Zig makes this conversion explicit because it can lose information.

#### Float size matters

An `f32` uses less memory than an `f64`.

If you store one number, this usually does not matter.

If you store millions of numbers, it can matter a lot.

```zig
const PointF32 = struct {
    x: f32,
    y: f32,
};

const PointF64 = struct {
    x: f64,
    y: f64,
};
```

A `PointF32` stores two 32-bit floats.

A `PointF64` stores two 64-bit floats.

For a huge array of points, `f32` may use half the memory. But `f64` gives more precision.

This is a common tradeoff in systems programming.

#### Floating point and money

Do not use binary floating point for exact money calculations.

This is risky:

```zig
const price: f64 = 19.99;
```

It may look fine for printing, but internally it is approximate.

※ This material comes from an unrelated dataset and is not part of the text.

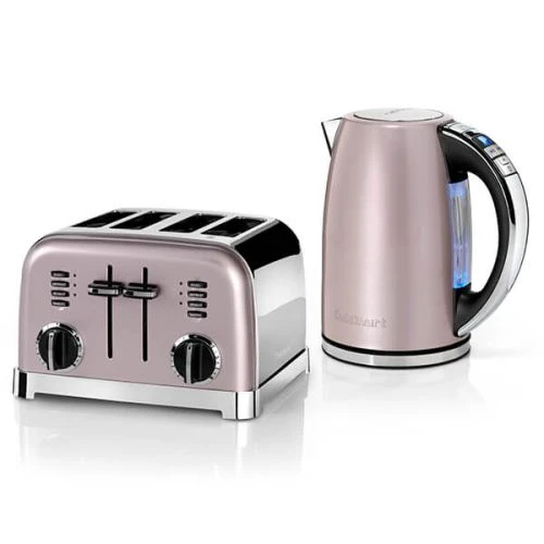 This Cuisinart Style Breakfast Set features the Cuisinart Style Collection Multi-Temp Jug Kettle (CPK17PIU) and the Cuisinart Style Collection 4 Slice Toaster (CPT180PU), both finished in stunning vintage rose with stainless steel accents.

For money, prefer storing the smallest unit as an integer.

```zig
const price_cents: i64 = 1999;
```

This means `$19.99` stored as `1999` cents.

Then addition and subtraction are exact:

```zig
const a: i64 = 1999;
const b: i64 = 250;

const total_cents = a + b; // 2249
```

This is a good general rule: use floating point for measurements, not exact accounting.

#### A complete example

```zig
const std = @import("std");

fn circleArea(radius: f64) f64 {
    const pi: f64 = 3.141592653589793;
    return pi * radius * radius;
}

pub fn main() void {
    const radius: f64 = 5.0;
    const area = circleArea(radius);

    std.debug.print("radius = {d}\n", .{radius});
    std.debug.print("area = {d}\n", .{area});
}
```

Output:

```text
radius = 5
area = 78.53981633974483
```

The function takes an `f64` and returns an `f64`.

```zig
fn circleArea(radius: f64) f64
```

That means the input and output are both floating point numbers.

#### The main idea

Floating point numbers are for approximate numeric values.

They are useful for measurements, graphics, simulations, geometry, physics, and many scientific calculations. They are not ideal for exact decimal values such as money.

For beginner Zig code, use `f64` when you need a floating point number. Use `f32` when memory size matters or an API specifically expects it.